I compare my reactive dog to a bored child, super smart but having no clue (at the time) what to do with his time or energy - he simply could not relax or 'settle' for any length of time. He benefited immensely from working on confidence building 'games', the use of 'shaping' games such as https://clickertraining.com/node/167, which allowed him to use his brain, and to learn to choose without fear of making a mistake, there is no 'wrong' when doing this. By giving him opportunity to use his brain and his nose playing ' Find it' - tossing treats/kibble in the grass, or hiding treats, etc. for him to find, works well for this. We also played around with agility equipment, was easy for him to learn it, teaches self control, and 'success' was easy for him to achieve.


----------



## lloyddobler (Nov 30, 2014)

Thank you for the advice. I will trust my gut on this one and re-focus on perfecting BAT and/or CARE techniques and other games and tricks to give his brain and nose a workout. I hadn't taken him on a focused walk for some time as I had gotten lazy. When he was younger he could not focus for more than a few seconds at a time. But now that he's almost 3, I found that he could focus on me much longer and it was incredibly fun.

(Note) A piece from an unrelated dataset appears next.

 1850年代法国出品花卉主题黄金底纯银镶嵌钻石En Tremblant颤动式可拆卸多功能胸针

We even saw some dogs on our walk and he did get distracted by them, but I was able to get him to refocus much more quickly than I would have even a few months ago. I regret getting lazy and focusing on avoidance of other dogs moreso than managing and retaining his response when we see them to associate seeing dogs with positive things like good treats. Thank you for reminding me to trust my gut.


----------



## Ljilly28 (Jan 22, 2008)

I love this book. I modified it a bit for my situation with Copley, but found it very helpful. It is important to put so much joy into the time you spend with the dog, and for the dog to look forward you your interactions greatly.


----------



## AmberSunrise (Apr 1, 2009)

I tried Ruff Love with my Casey ... as an older dog and I will say the approach did not work for him.

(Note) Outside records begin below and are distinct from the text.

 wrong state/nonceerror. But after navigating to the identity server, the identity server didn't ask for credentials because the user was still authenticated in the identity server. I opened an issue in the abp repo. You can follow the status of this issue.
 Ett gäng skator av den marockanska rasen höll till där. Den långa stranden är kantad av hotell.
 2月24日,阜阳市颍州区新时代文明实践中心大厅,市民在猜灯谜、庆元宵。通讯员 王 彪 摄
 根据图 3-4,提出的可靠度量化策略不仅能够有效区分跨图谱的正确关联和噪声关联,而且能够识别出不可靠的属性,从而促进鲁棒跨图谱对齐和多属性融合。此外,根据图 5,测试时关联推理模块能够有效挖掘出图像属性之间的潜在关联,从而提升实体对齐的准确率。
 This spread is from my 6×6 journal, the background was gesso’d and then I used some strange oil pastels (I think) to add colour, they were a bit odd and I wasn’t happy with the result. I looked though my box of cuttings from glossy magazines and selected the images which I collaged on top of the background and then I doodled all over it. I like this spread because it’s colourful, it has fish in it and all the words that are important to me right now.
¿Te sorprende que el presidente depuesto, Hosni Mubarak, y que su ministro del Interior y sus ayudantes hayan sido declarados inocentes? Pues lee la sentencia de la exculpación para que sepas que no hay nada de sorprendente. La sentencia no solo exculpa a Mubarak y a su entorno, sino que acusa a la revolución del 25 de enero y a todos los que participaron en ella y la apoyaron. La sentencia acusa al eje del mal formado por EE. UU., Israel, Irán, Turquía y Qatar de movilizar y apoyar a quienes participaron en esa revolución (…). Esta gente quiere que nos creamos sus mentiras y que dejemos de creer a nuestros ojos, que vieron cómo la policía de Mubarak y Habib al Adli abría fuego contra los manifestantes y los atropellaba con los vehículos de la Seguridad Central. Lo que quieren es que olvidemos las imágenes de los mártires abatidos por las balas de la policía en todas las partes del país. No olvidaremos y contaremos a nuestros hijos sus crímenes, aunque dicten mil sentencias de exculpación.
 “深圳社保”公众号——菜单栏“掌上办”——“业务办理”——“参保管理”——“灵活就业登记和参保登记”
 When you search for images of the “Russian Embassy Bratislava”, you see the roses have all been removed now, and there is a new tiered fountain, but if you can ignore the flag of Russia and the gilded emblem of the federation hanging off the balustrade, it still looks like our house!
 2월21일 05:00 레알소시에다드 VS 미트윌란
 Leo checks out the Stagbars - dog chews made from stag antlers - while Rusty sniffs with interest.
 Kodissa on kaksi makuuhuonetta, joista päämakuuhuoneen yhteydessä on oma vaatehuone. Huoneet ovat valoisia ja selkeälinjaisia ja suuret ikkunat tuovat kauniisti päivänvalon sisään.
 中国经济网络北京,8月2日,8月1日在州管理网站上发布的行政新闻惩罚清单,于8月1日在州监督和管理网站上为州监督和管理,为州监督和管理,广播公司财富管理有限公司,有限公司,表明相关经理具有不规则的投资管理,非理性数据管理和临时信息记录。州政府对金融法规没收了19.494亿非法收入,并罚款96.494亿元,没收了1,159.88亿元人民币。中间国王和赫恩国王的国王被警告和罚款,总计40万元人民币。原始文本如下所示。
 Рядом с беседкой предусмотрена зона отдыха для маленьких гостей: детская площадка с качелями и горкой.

What did work was building his confidence in 1) me being able to protect him and 2) his being confident in a variety of situations.

Casey became somewhat dog reactive after 3 unprovoked attacks (they truly were unprovoked since his back was turned in each case AND he was on leash and either in heel position or in one case on my lap). I confess I HATED B&W border collies for years for what happened with my Casey.

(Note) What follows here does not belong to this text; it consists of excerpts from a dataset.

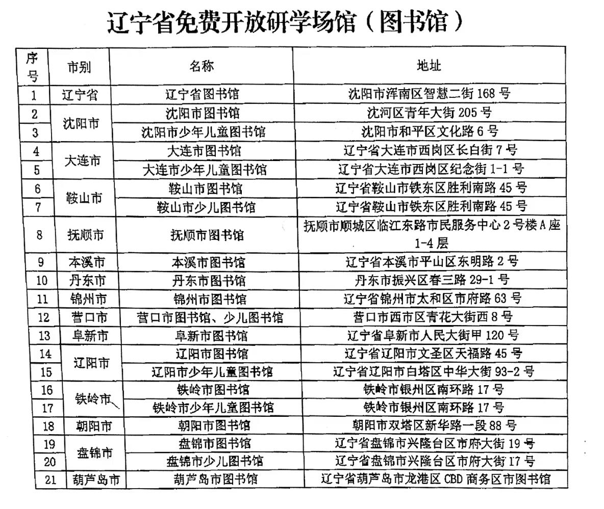 辽宁省免费开放研学场馆(博物馆、图书馆)
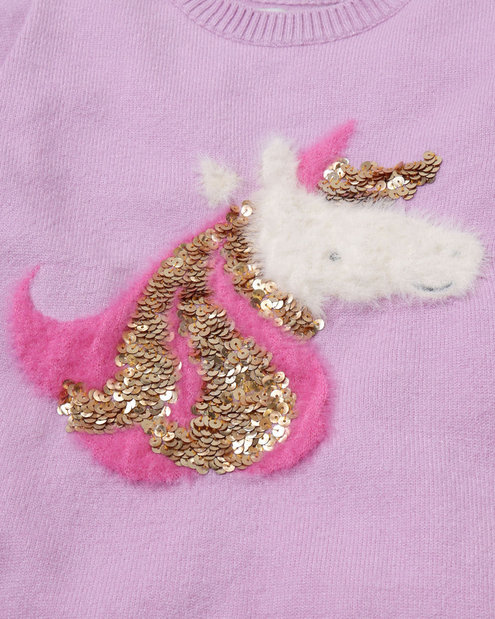 A magical pink sweater with a unicorn design, sparkling sequins, and soft feather yarn details. -Viscose/Nylon/Polyester -Embellished w/ Sequins & Feather yarn -Dry Clean
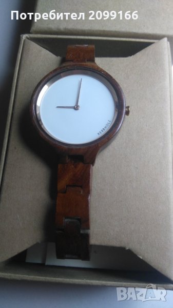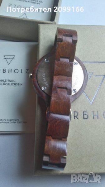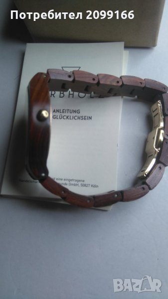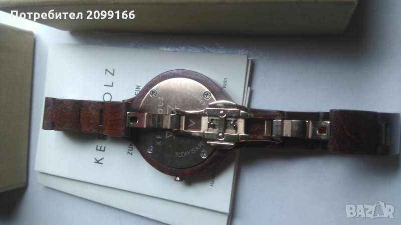 Ръчно изработени ръчни часовници, изработени от фино естествено дърво, цвят: палисандрово дърво , закопчалка и корона от покритие, неръждаема стомана ^ Особено висок комфорт при носене поради ниското тегло и специалното усещане за дърво.
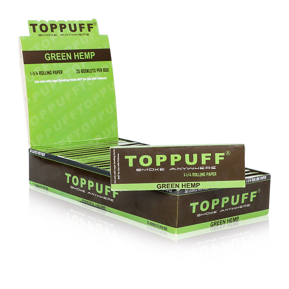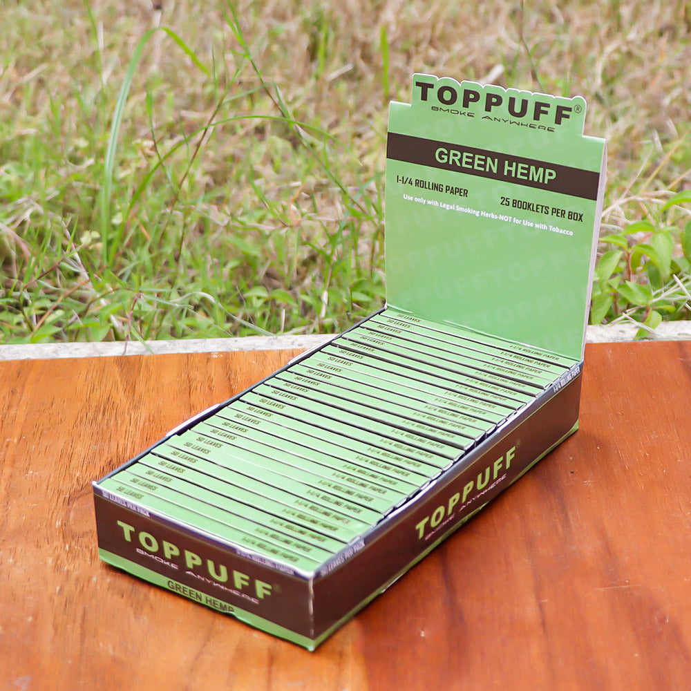 TOPPUFF Green Rolling Paper, 1 1/4 Size Slim Cigarette Rolling Paper, Slow Burning Rolling Papers, 50 PCS / Pack 25 Packs / Box
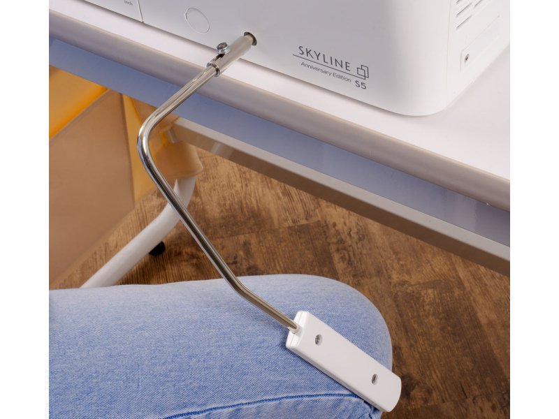Kolenní páka umožňující zdvih patky nohou. Díky tomu můžete mít obě ruce neustále na materiálu a lépe s ním manipulovat. Toto je standardní příslušenství u průmyslových strojů, ale Janome ví, jak je to důležité i pro vaše projekty.
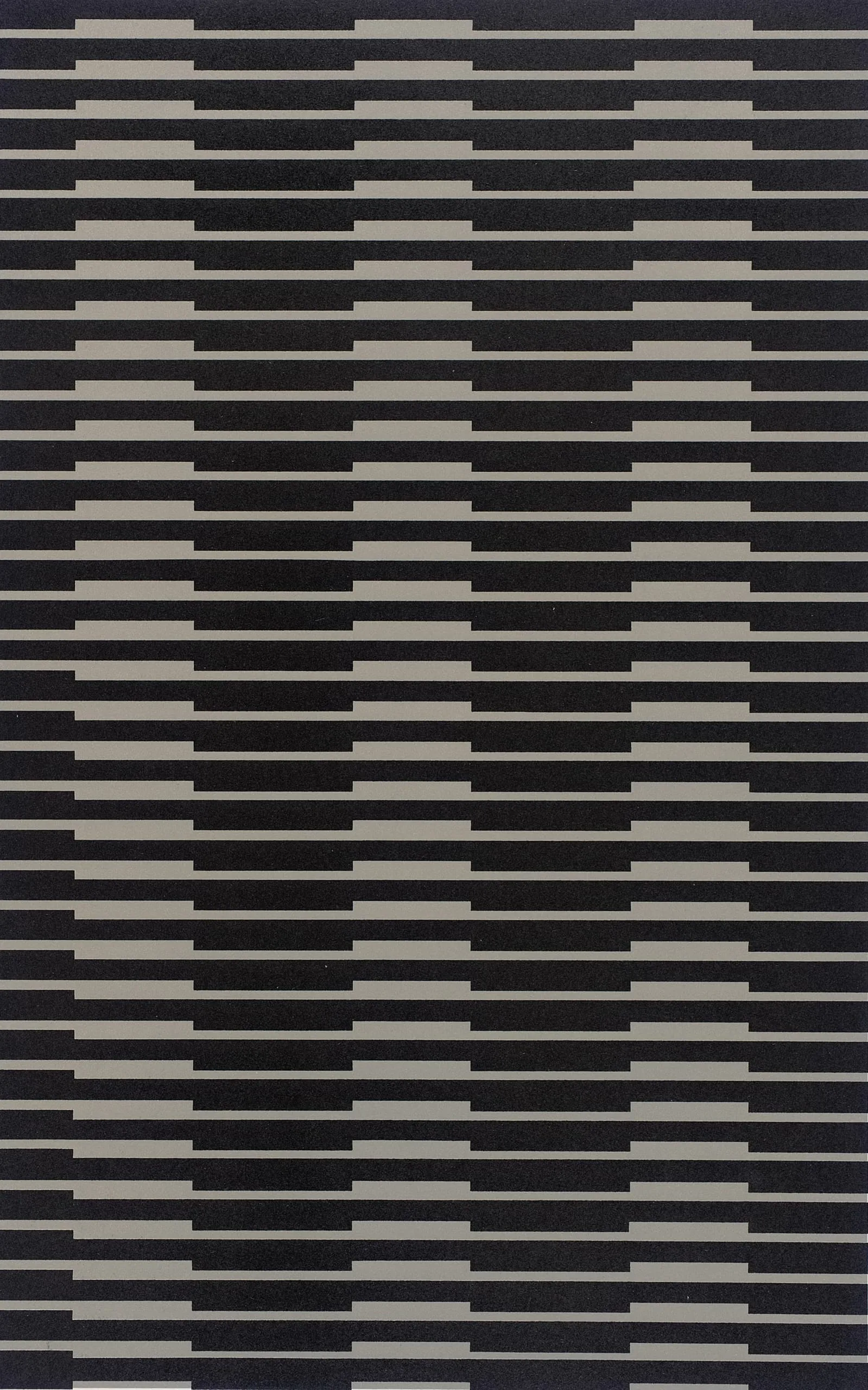 Vertical abstract painting with staggered rows of pale gray horizontal bars on a near-black ground, creating a repeating, allover geometric pattern
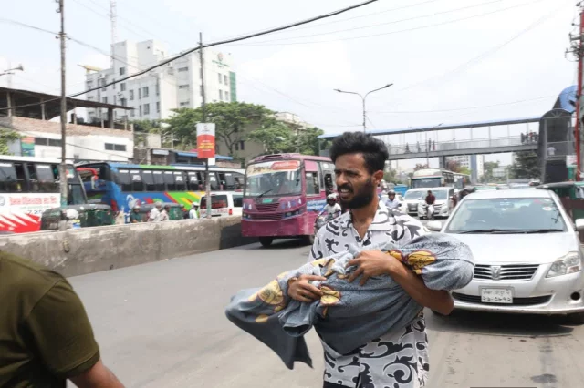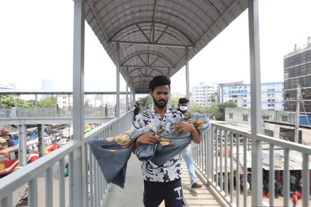 রাজধানীর মহাখালী এলাকায় ফুটওভার ব্রিজ পার হয়ে কোলে শিশুর নিথর দেহ নিয়ে হাঁটছেন এক যুবক- এমন একটি হৃদয়বিদারক দৃশ্য সামাজিক যোগাযোগমাধ্যমে ছড়িয়ে পড়ে।
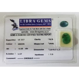 REPORT.NO.-LE 217CLARITY.-N/ACOLOUR.-GREENSHAPE/CUT.-OVALWT.-4.18 CTSDIMENSION.-2-9.9-7.4-3.R.INDEX.-1.57HARDNESS.-7.5COMMENT.-EMERALD..
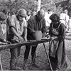 Udstilling af kobbertøj på Holbæk Museum. Stående fra venstre: Blikkenslager Preben Frederiksen. Siddende med ryggen til: Museumsinspektør J.L. Østergaard Christensen.
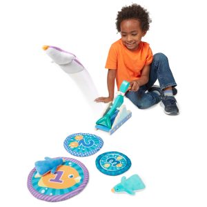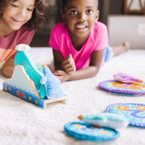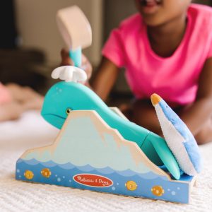 Step right up and turn any day into Fair Day! The Melissa & Doug Fun at the Fair!™ Penguin Launch lets kids three and older experience the excitement of the classic fairground aim-and-launch target games at home! Start game play by inserting the secret-reveal player card ticket in the card reader in the back of the wooden whale launcher. Scatter the three fabric targets. balance a plush penguin on the whale’s tail. take aim. and bang the spout with the wooden mallet to send the penguin soaring! Illustrated instructions show several ways for one or two players to set up. keep score. and play. Pieces store in the handy storage bag. Designed to amuse. surprise. and challenge kids three and older to keep them laughing and learning through play. Penguin Launch is an engaging. hands-on way to introduce numbers. matching. colors. and cause-and-effect. and to encourage fine and gross motor skills. From games of skill and chance to innovative carnival-inspired play sets. the Melissa & Doug Fun at the Fair!™ collection brings home all the fun of a day at the fair! This product is certified by the Forest Stewardship Council. FSC certification ensures that products come from responsibly managed forests that provide environmental. social. and economic benefits. and that forests are protected for future generations. Please note that FSC certification applies to new inventory only (FSC C156584)

Different dogs need different approaches


----------



## lloyddobler (Nov 30, 2014)

Sunrise said:


> I tried Ruff Love with my Casey ... as an older dog and I will say the approach did not work for him.
> 
> What did work was building his confidence in 1) me being able to protect him and 2) his being confident in a variety of situations.
> 
> ...



Thank you for sharing your experience. I'm so sorry to hear about what happened to your Casey with the unprovoked attacks! What did you do to help him become more confident and protect him? 

I found this video today that gave me hope and inspiration: 




I'm not sure these techniques will work for my pup, but I will definitely employ using the flight response when we see other dogs to ensure my pup feels protected and understood. 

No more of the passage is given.